Launched at the start of January, the Polar Capital Global Absolute Return fund is a long/short absolute return fund, managed by its global convertibles team.
Managers David Keetley (based in London) and Steve McCormick (based in Connecticut) each have more than 30 years’ experience in the field of absolute return and convertible bonds.
An offshore vehicle domiciled in Ireland, it will invest predominantly in convertible securities. Most positions will be hedged and it will also have the ability to hedge interest rates.
It will target returns of 5 per cent to 8 per cent a year, with limited downside and a return volatility of about 6 per cent. Polar Capital says clients do not want 3 per cent return with 3 per cent volatility – they want managers who can manage risk when needed, while also being able to position the portfolio for market opportunity when presented. This fund aims to do exactly that.

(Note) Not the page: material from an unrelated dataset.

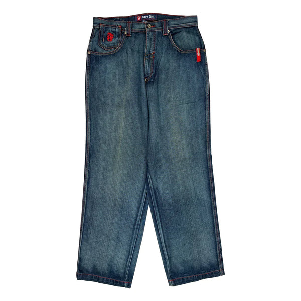 Bare Fox Jeans With Red Contrast Stitching And Embroidered Back Pockets.

It will have the characteristics of a long/short equity fund except that the long exposures will be generated through long convertible positions.
By being long a convertible and short the underlying equity it substantially reduces basis risk relative to a typical long/short fund: if a stock falls in value, at some point the convertible will become like a bond, so should fall less and also put the investor higher up the chain in terms of getting money back if a company goes bust.

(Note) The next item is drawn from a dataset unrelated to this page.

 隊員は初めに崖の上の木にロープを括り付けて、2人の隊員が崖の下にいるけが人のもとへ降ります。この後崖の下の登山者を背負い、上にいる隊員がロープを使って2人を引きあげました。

If a stock price rises, the convertible acts like an equity, so this fund is playing asymmetric risk-reward in a very clever way.
The underlying investments will be split into five categories: equity hedged convertibles, asymmetric profiles, put trades, income/defensive investments and covered convertible call writing. The focus will be on large and medium-sized companies around the world.
It is worth noting also that the fund has an independent board of non-Polar Capital investment professionals, and will be stress-tested daily for equity and credit shocks to limit any anticipated maximum drawdown.
It has a 1 per cent annual charge plus a 15 per cent performance fee, subject to a high water mark – which is standard for Polar Capital products like this.
It looks very interesting, but is quite complex, so it will not be for every client.
It could make a good diversification tool in a portfolio however, as it should have a low correlation to other assets and will offer some downside protection at times of market stress, while still having the flexibility to achieve decent returns in stronger market environments.